=== Section Start ===

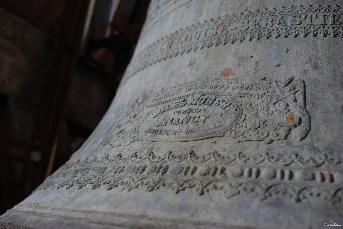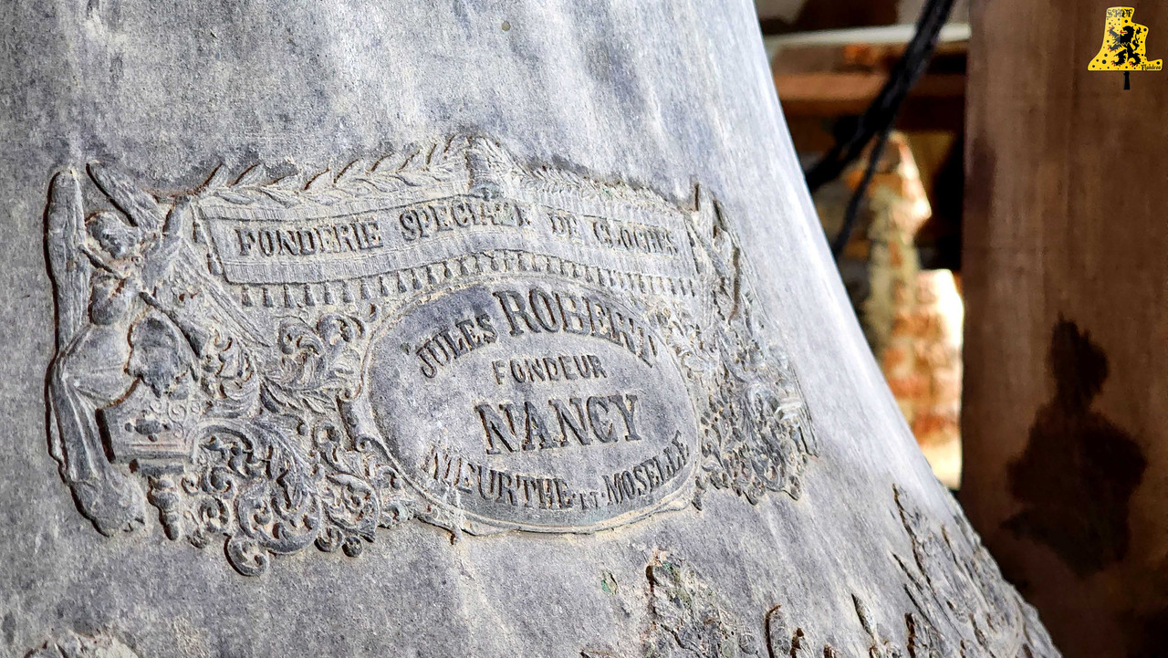 Nom: « Thérèse », Diamètre 105,6 cm, Poids 680 kg, Fondue en 1 900 par J. Robert à Nancy, Chante le Fa#3
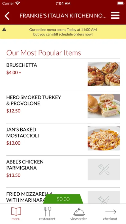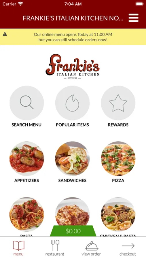 Order from Frankie's Italian Kitchen. Now you can save and reorder, save custom menu items and order with a snap!
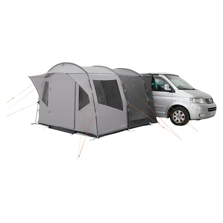 Det fritstående bustelt Reine har et fleksibelt tunneldesign med vinklede glasfiberstænger plus udvendige glasfiberstænger, der giver stabilitet, støtter frontsolsejlet og strammer teltdugen. Teltet byder på ståhøjde, fem vinduer med gardin, en dobbeltdør bagtil og en frontdør, store ventilationsåbninger samt en heldækkende fikserbar bund. Valgfrit ekstraudstyr omfatter et topersoners indertelt, der kan fastgøres på begge sider af teltet.

=== Section End ===

* [ABOUT THIS EXERCISE] The full material above must be output verbatim, minus any pictures.

* [ANSWER BOX]
 Nom: « Thérèse », Diamètre 105,6 cm, Poids 680 kg, Fondue en 1 900 par J. Robert à Nancy, Chante le Fa#3
 Order from Frankie's Italian Kitchen. Now you can save and reorder, save custom menu items and order with a snap!
 Det fritstående bustelt Reine har et fleksibelt tunneldesign med vinklede glasfiberstænger plus udvendige glasfiberstænger, der giver stabilitet, støtter frontsolsejlet og strammer teltdugen. Teltet byder på ståhøjde, fem vinduer med gardin, en dobbeltdør bagtil og en frontdør, store ventilationsåbninger samt en heldækkende fikserbar bund. Valgfrit ekstraudstyr omfatter et topersoners indertelt, der kan fastgøres på begge sider af teltet.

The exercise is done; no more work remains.